Медленно, как по океанскому дну, он побрёл за ней в лазарет. По пути ему дважды приходилось преодолевать дверные проёмы, но больше ничто не бросалось в лицо.
– Дженкинс, вошь барсучья, позавидовал, что у кого-то обе руки на месте? А не суй куда попало!
Он молча прислонился к стене у входа и смотрел, как Мэйгин хлопочет над Офелией.
– Чего вылупился, извинился бы хоть, подхвостье замшелое!
В ту секунду, когда он видел только бездну, могло произойти вообще что угодно. Ожог на запястье. А что ещё? Всё что угодно. Он узнал бы только потом.
Мэйгин закончила бинтовать руку, всучила Офелии какое-то питьё и, злобно посверкав глазами, ушла, напоследок хлопнув дверью своей каморки. Сразу стало очень тихо.
– Видишь, – сказал он, – было лучше, пока мы не общались.
– Позволь мне решать, что для меня лучше.
Он только ещё раз посмотрел на её запястье.
– Всю жизнь этого боялся. С тех пор, как проснулся дар, я стал тем, кто может навредить. Кому угодно, когда угодно, всегда. Я, кажется, только тем и занимался, что старался этого избежать. И вот, впервые случилось.
Она повернулась к нему – неожиданно задорно улыбнувшись.
– Похоже, есть во мне что-то особенное, да?

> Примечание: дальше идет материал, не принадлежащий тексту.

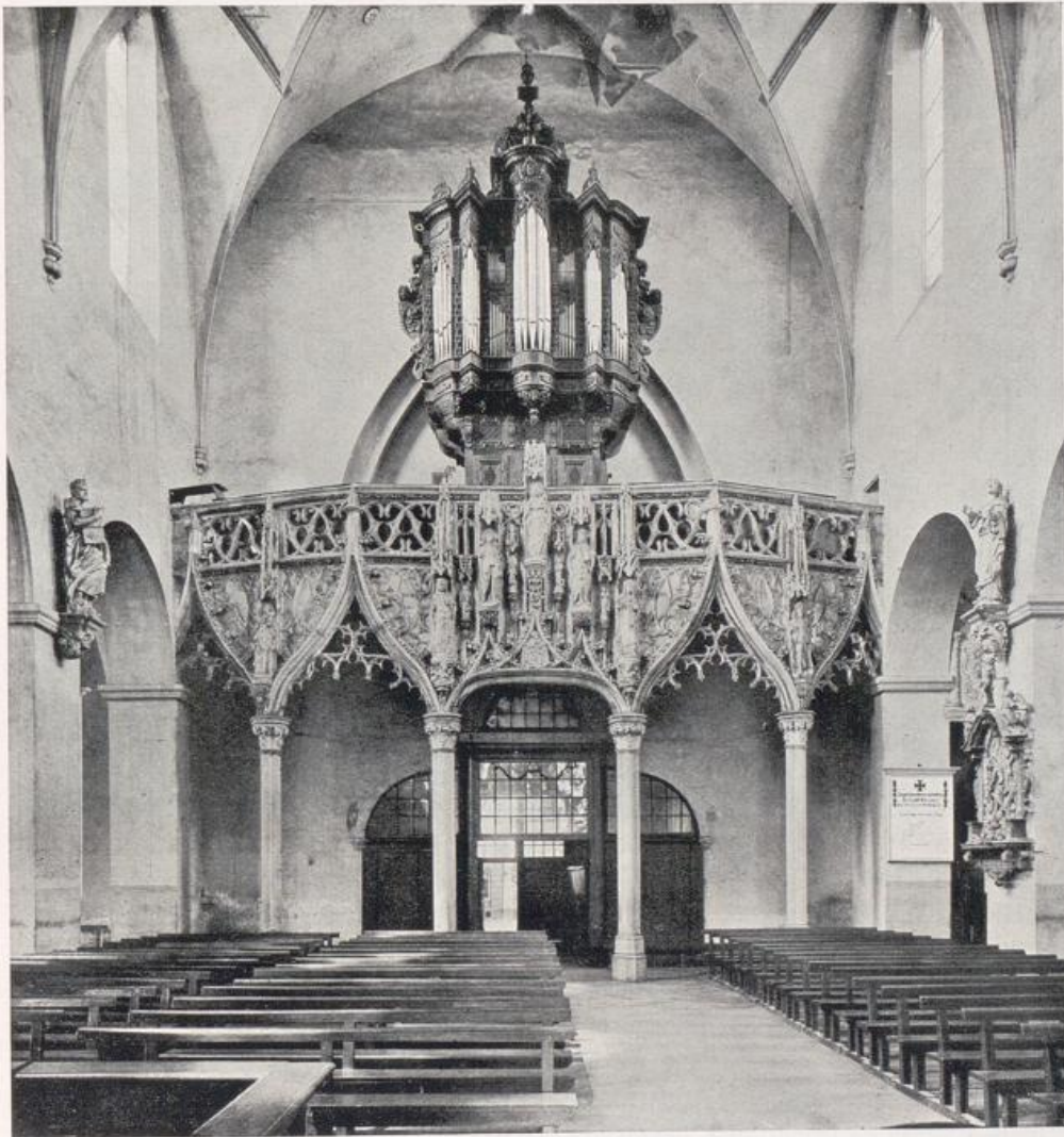
Köln — St. Pantaleon. Lettner um 1510.

bunt verglaste Chorfenster bricht sich gedämpft das Licht und überflutet den Altar (Bild S. 128). Diese farbenprächtigen Fenster sind das Schlußkapitel der Kölner Glasmalerei der Renaissance, die wir vorhin noch in St. Peter bewundern konnten. Und wenn man dann ermißt, wie wenig tief die Chorapsis ist, und welche reiche Tiefenwirkung diese genialen Barockdekorateure uns hier vorgezaubert haben, dann schweigt jedes Wort der Einzelkritik, und man läßt den Raum als Ganzes auf sich wirken.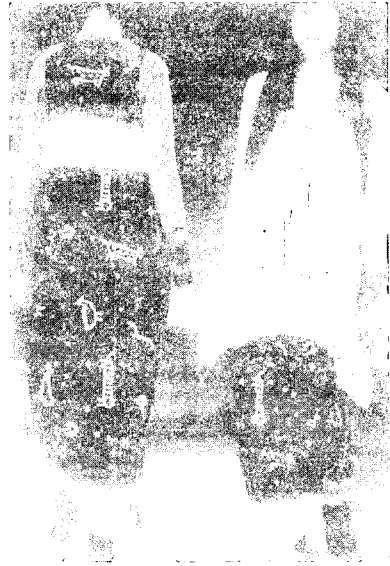
[그림 10] Tsumori Chisato(Collezioni No. 35, pp. 273)

나타난다 6) . 여자 마법사인 마녀는 유럽 민담에 나오는 추하고 심술궂은 노파로서 종종 마귀나 죽은 자들과 같은 존재로 간주되었다. 때로 아름다운 여인의 모습으로 나타나기도 하는 서큐버스(succubus)는 잠자는 남자와 성관계를 맺어 무시무시한 악몽을 꾸게 하고 남자를 탈진시켜버리는 마녀라고 한다. 대부분의 전승에서는 마녀가 다산(多産)을 가로막는 존재로 나오지만 마녀를 원시적 자연 여신의 한 잔재로 보는 학자들도 있다.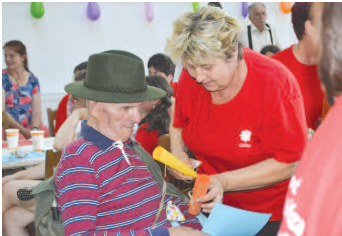
Gondviselés Háza idősök otthona, Búzásbesenyő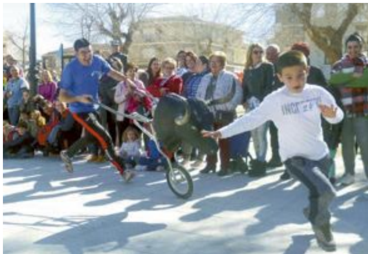
Un bon nombre de valents toreros va participar en el Concurs de Retalladors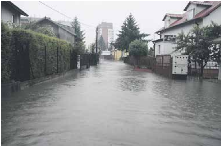
Zalana ulica Fabryczna

Efektom takiego przejazdu w najlepszym wypadku mogła być zdarta przez wodę tablica rejestracyjna pojazdu. Tych znaleziono tu kilkanaście.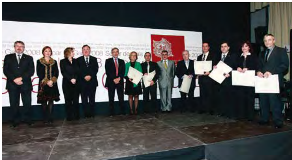
Foto de grupo de los colegiados distinguidos por su permanencia ininterrumpida en el Colegio durante 20 años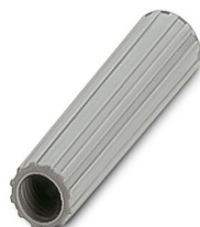
Casquillo aislante, color: gris

https://www.phoenixcontact.com/ar/productos/0311621

Он не видел повода для шуток.
Она отставила кружку и встала.
– Послушай, если ты сделал это ненамеренно, то можешь, например, действительно попросить прощения. Так обычно делают, когда считают себя виноватыми.
Он обдумал это, представил, мысленно произнёс.
– Я не хочу, чтобы ты прощала.
– Ну интересно! – Она сердито подбоченилась. – А обо мне ты подумал? Как мне теперь жить с этим грузом непрощения?
– Не знаю – сделай что-нибудь в ответ.
– Что? – не поняла она. – Это как, обжечь тебя?
– Ну…
– Дурак, – она фыркнула, но потом посмотрела грустно. – Давай в качестве извинения ты объяснишь мне, что с тобой происходит?
Он тяжело вздохнул.
– Я не знаю что. Просто… что бы это ни было, мне проще, когда никого нет рядом. – Утешит её такое объяснение или наоборот? – Давай что-нибудь другое в качестве извинения?
– Ладно. – Не утешило: она выглядела грустной и усталой. – Должен будешь, я потом придумаю что. И, Джейсон. Если ты сам не хочешь, чтобы такое повторялось, – обратись за помощью. Не ко мне, так к кому-нибудь.
– Я как раз… Да, ты права. Так и сделаю.
Он хотел для начала попросить у Мэйгин травяной сбор, тот самый, который прописал Вит, – то есть, вроде как ничего нового, просто обновить израсходованный запас. Но теперь точно хватит себя жалеть: чердак протёк, и нужно срочно сделать всё, что только возможно. Надо было раньше.
Слабо улыбнувшись, она двинулась мимо него к выходу. Он перехватил еë и притянул к себе – и она не рассыпалась, не обернулась пламенем, потому что такого никогда не случится, так не бывает, сны не сбываются. Ждал тревожно, почувствует ли маленькие прохладные ладони на своей спине. Дождался. Трещина теперь ощущалась между бровей, и он прижался лбом к светлым волосам с запахом цветов. Как жаль, что ей всегда нужно, чтобы он что-нибудь говорил.
– Григ.
Макдуф ходил туда-сюда вдоль ряда окон, и Джейсон окинул взглядом кабинет: пытает кого-то своим монологом? Нет, никого, даже Сорхе нет, и это очень хорошо.
– Джейсон, проходи, присаживайся, – рассеянно бросил директор, не прерывая своего хождения. Похоже, ему было не до посетителей, но плевать, откладывать больше нельзя.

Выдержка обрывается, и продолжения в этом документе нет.